Recorded data:
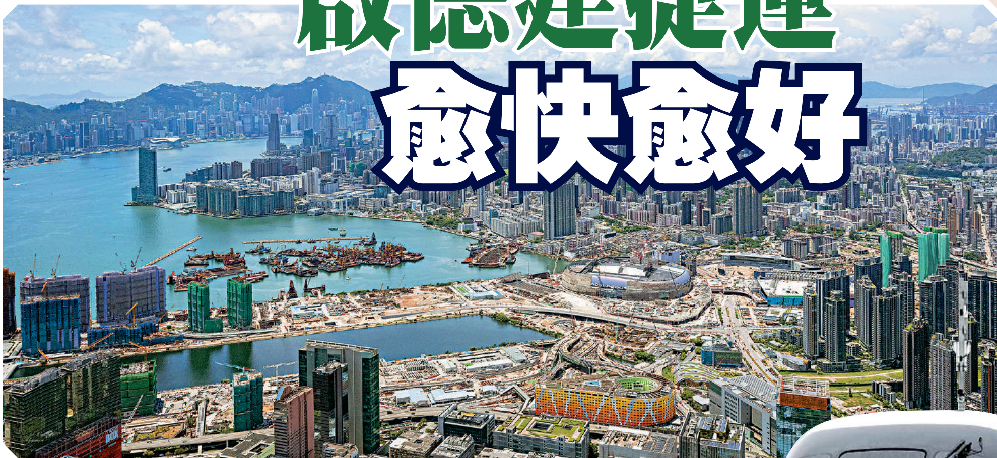
啟德新集體運輸系統預計走線

啟德跑道區的交通配套嚴重不足，居民長期深受困擾，乘搭巴士到最近的啟德地鐵站，車程只需約7分鐘，但等車卻花30分鐘。最新公布的施政報告為解決這個問題帶來希望。行政長官宣布興建三個智慧綠色集體運輸系統，當中包括連接啟德跑道區至啟德地鐵站，方便居民出行，而且可配合啟德郵輪碼頭的旅客交通需要。
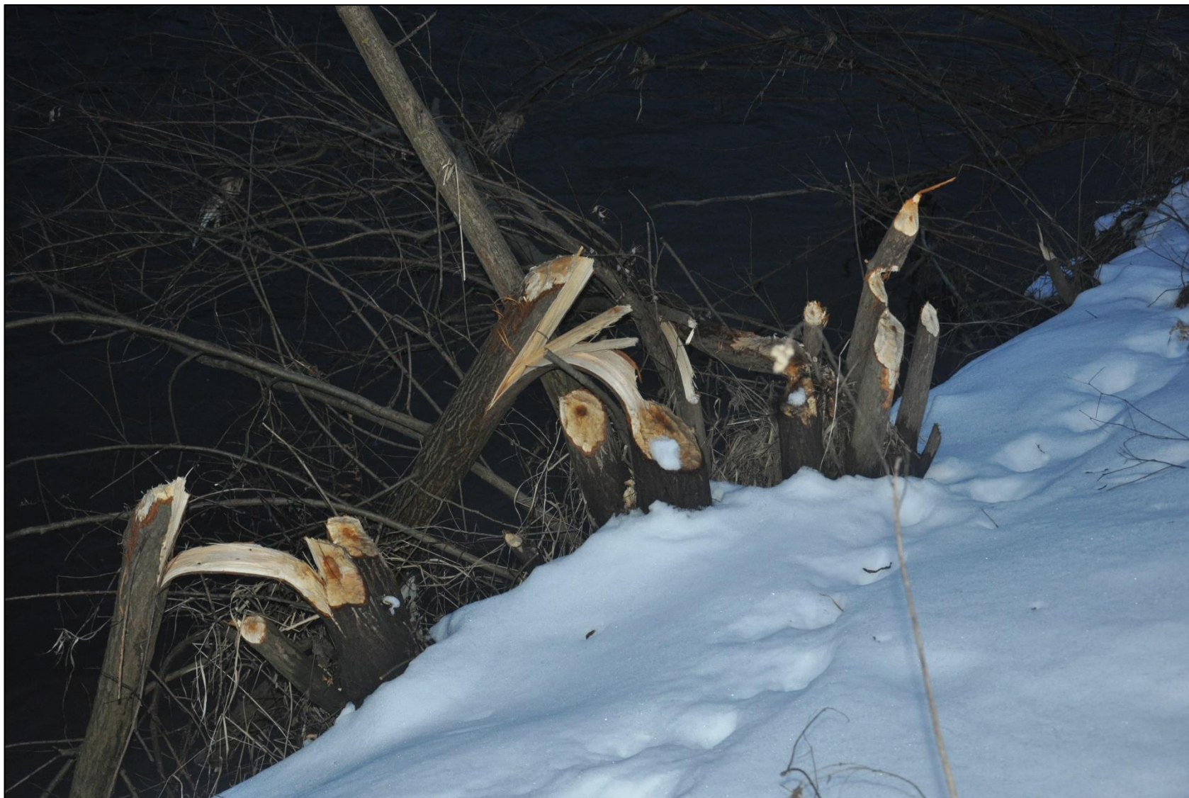
Fot. 20. Zgryzy bobrowe.

What the task requires:
Print the data once more without any change, skipping each picture.

Response for this exercise:
啟德新集體運輸系統預計走線

啟德跑道區的交通配套嚴重不足，居民長期深受困擾，乘搭巴士到最近的啟德地鐵站，車程只需約7分鐘，但等車卻花30分鐘。最新公布的施政報告為解決這個問題帶來希望。行政長官宣布興建三個智慧綠色集體運輸系統，當中包括連接啟德跑道區至啟德地鐵站，方便居民出行，而且可配合啟德郵輪碼頭的旅客交通需要。
Fot. 20. Zgryzy bobrowe.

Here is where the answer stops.